Task instructions:
Every line below between the line holding "On the garden" and the line holding "INGREDIENTS FOR CHOCOLATE", inclusive, should be repeated exactly, and all other lines omitted.

Dataset entries:
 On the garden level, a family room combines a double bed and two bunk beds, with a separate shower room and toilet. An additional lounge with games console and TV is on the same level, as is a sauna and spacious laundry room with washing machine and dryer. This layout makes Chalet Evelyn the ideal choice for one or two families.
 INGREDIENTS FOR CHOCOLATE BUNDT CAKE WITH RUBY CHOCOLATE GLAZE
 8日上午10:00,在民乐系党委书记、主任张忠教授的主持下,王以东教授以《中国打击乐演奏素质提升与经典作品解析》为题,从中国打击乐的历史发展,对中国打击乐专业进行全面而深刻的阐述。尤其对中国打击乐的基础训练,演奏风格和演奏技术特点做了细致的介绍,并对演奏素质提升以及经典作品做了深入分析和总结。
...
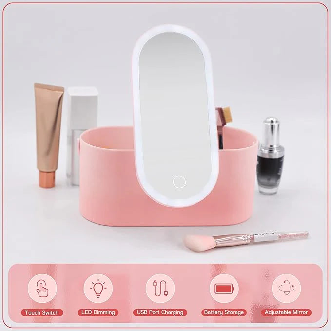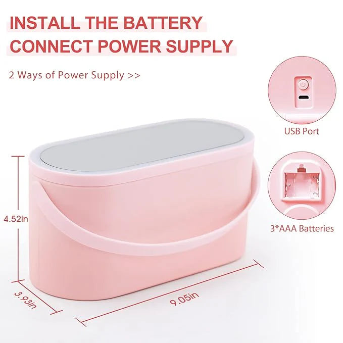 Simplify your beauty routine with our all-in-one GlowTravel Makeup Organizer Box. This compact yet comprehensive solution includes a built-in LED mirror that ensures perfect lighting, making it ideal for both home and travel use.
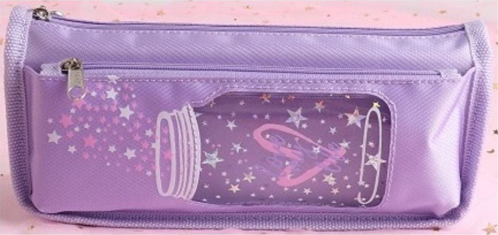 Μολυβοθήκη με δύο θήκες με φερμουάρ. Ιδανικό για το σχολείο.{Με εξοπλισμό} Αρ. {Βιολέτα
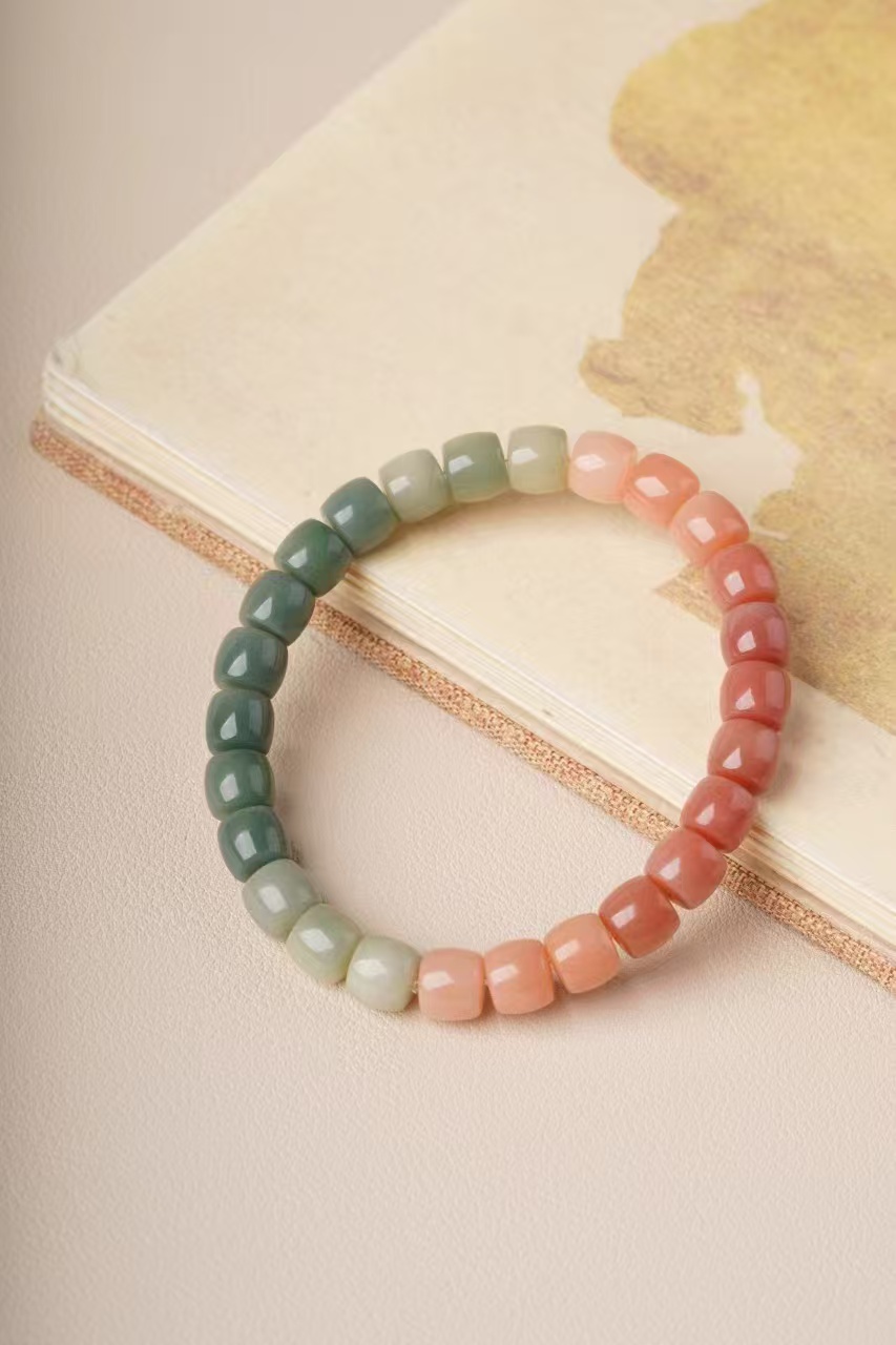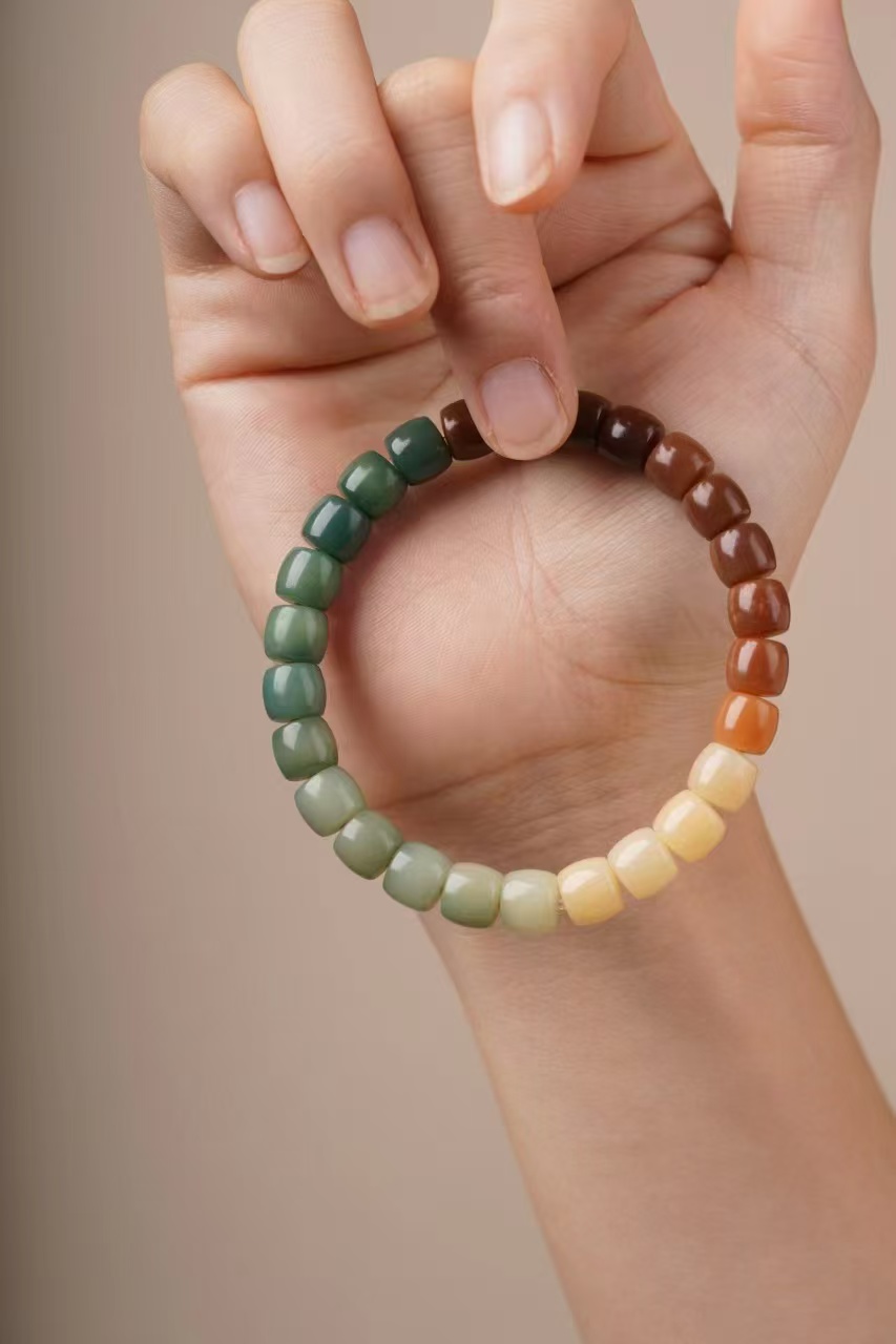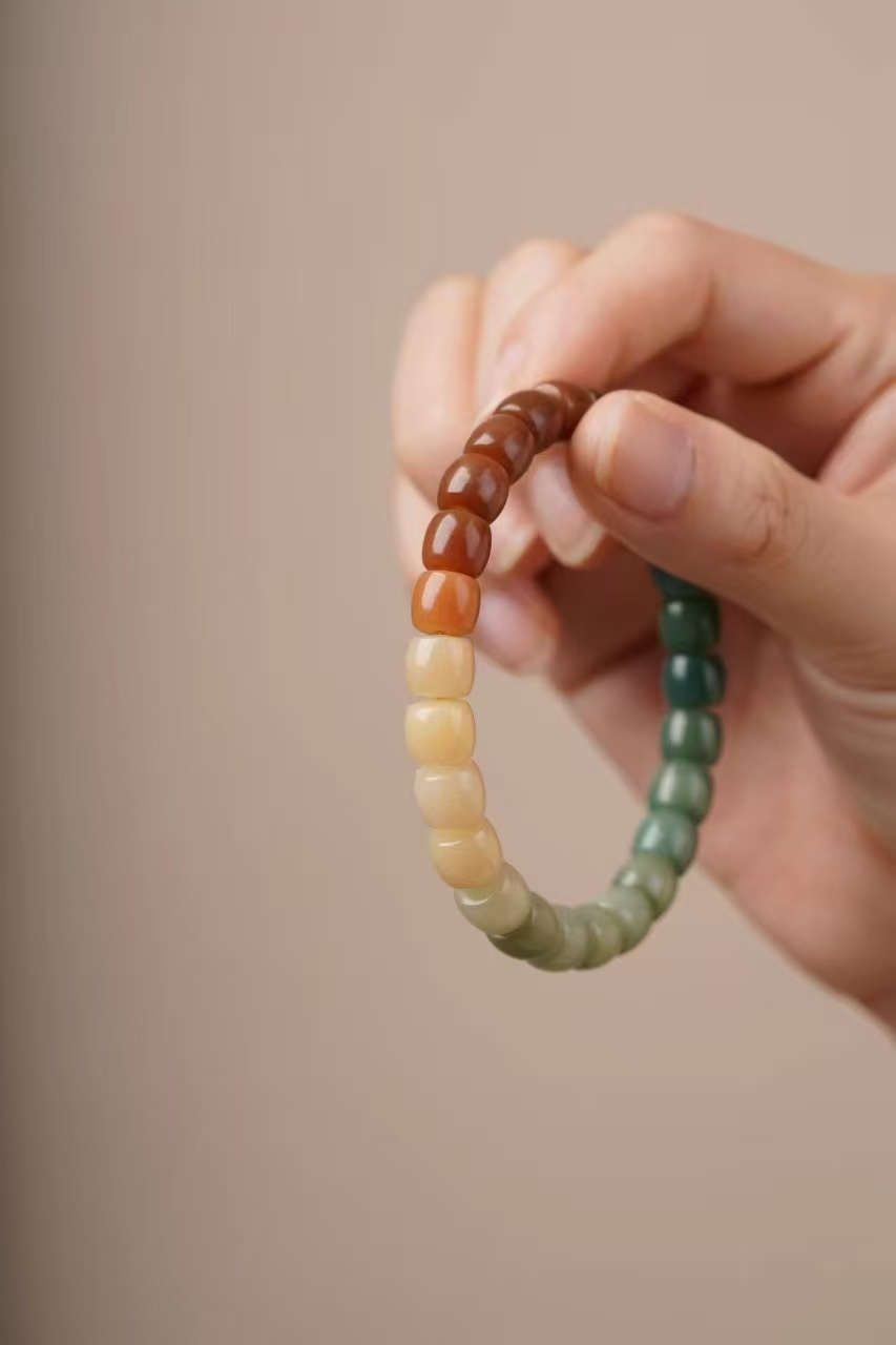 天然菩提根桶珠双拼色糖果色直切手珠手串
==
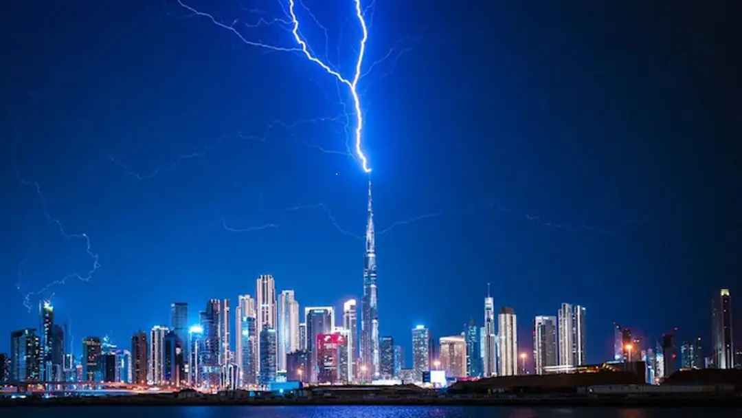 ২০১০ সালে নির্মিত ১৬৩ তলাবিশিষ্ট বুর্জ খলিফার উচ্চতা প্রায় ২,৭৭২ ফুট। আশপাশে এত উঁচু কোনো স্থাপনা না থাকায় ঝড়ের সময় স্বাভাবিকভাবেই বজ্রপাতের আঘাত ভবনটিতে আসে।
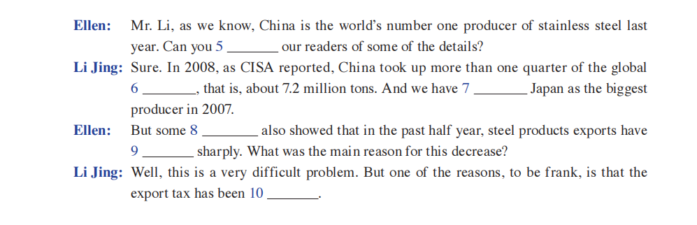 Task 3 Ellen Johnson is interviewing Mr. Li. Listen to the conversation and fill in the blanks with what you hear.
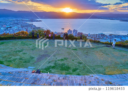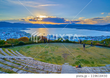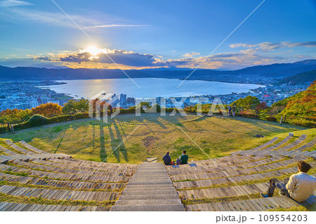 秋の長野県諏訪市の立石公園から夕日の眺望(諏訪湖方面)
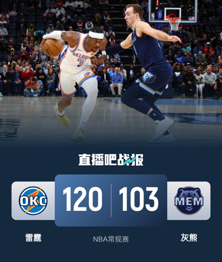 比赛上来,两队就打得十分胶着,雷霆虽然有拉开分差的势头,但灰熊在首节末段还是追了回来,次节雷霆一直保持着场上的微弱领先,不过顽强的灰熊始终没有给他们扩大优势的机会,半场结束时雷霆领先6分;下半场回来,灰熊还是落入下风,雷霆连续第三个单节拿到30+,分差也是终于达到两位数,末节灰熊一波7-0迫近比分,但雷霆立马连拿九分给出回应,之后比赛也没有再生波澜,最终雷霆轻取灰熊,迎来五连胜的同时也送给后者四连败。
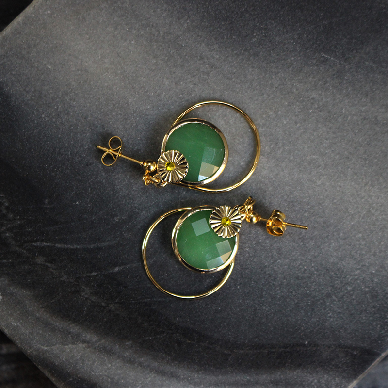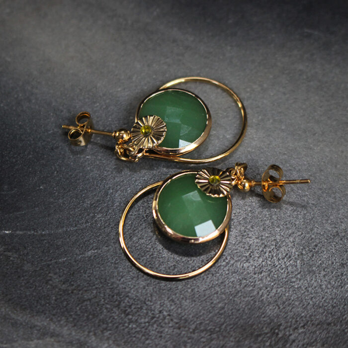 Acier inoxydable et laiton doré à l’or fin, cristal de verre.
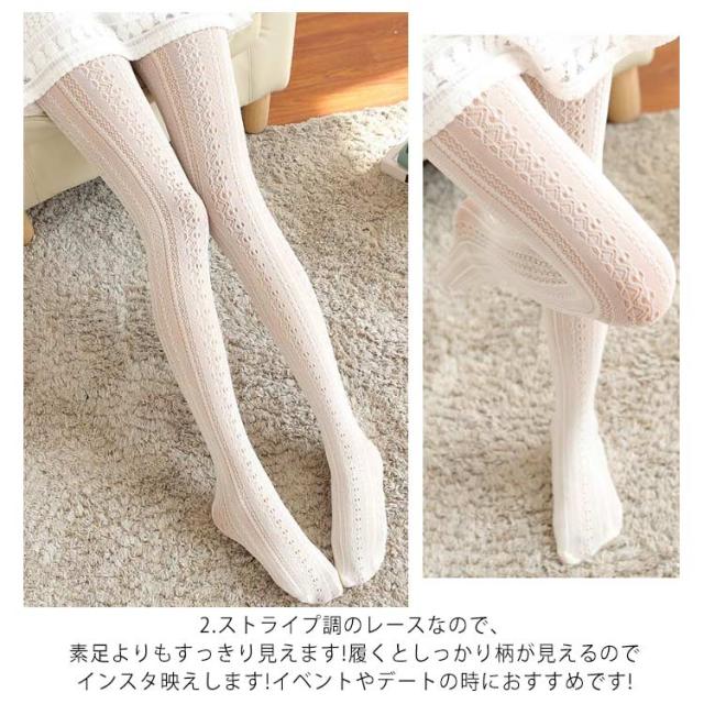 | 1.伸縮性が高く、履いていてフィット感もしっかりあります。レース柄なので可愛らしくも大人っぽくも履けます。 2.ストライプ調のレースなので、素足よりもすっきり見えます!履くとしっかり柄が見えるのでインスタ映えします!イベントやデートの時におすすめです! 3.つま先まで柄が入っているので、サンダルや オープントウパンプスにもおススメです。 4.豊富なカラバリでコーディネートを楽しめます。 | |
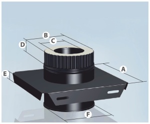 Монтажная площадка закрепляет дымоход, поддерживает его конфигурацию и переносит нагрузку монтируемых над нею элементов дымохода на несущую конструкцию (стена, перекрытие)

Exercise answer:
 On the garden level, a family room combines a double bed and two bunk beds, with a separate shower room and toilet. An additional lounge with games console and TV is on the same level, as is a sauna and spacious laundry room with washing machine and dryer. This layout makes Chalet Evelyn the ideal choice for one or two families.
 INGREDIENTS FOR CHOCOLATE BUNDT CAKE WITH RUBY CHOCOLATE GLAZE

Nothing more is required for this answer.